Entre risas terminaron de tomarse los helados que les trajeron y todo el grupo fue hacia la herboristería y la tienda de calderos.

Al terminar recogieron sus túnicas y muy alegres regresaron a la mansión.

Harry suspiro tranquilo. Habían regresado de las compras sin tener que enfrentar ningún ataque, una novedad para todos.

De lo que no se dieron cuenta fue, que una vez que entraron en el callejón el departamento de misterios puso el callejón bajo un hechizo antiaparicion para prevenir ataques y en todo momento los aurors tenían orden de observarlos discretamente y no llamar la atención. Por si fuera poco algunos miembros de la orden los siguieron a cierta distancia.

Entre las sombras dos pares de ojos si se dieron cuenta de este detalle por lo que desaparecieron del lugar con rapidez.

Al fin llego el día que todos esperaban. En la mansión todo fueron carreras y nervios.

A falta de la señora Weasley, fue Hermione la que se encargo de que todos estuvieran listos antes de la hora prevista.

Antes de entrar en la chimenea, ambas parejas dieron un gran suspiro y cogidos de la mano aparecieron en el gran hospital mágico.

Por suerte pudieron convencer a Hermione de que no seria necesario aparecer con las túnicas verdes puestas.

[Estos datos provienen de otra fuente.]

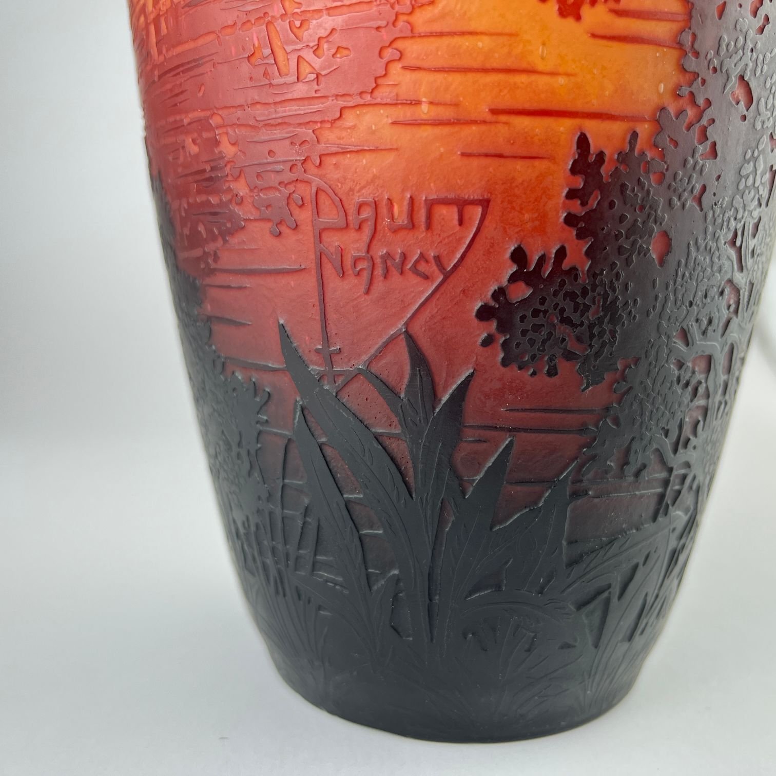 Florero francés en cristal Daum Nancy en colores anaranjado, bordeaux y marrón decorado «paisaje». Alto 38 cm.

En cuanto llegaron un avergonzado chico se deshacía de la suya mientras se lo decía un medimago mayor.

- Ya se les dirá cuando deben ponérselas.- todos miraron a la castaña.

- Vale teníais razón.

Un mago anciano con una cara amable uso la varita para hacerse oír.

- ¡Bien venidos a San Mungo!. ¡Los aquí presentes han decidido seguir la carrera de medimago!.- hizo una pausa.- ¡Permítanme felicitarlos y al mismo tiempo advertirles!. ¡Aunque no lo parezca, ser medimago es una de las profesiones del mundo mágico con mayor número de bajas voluntarias!.- miro a todos.- ¡Al terminar su primer año algunos de los presentes habrán abandonado!.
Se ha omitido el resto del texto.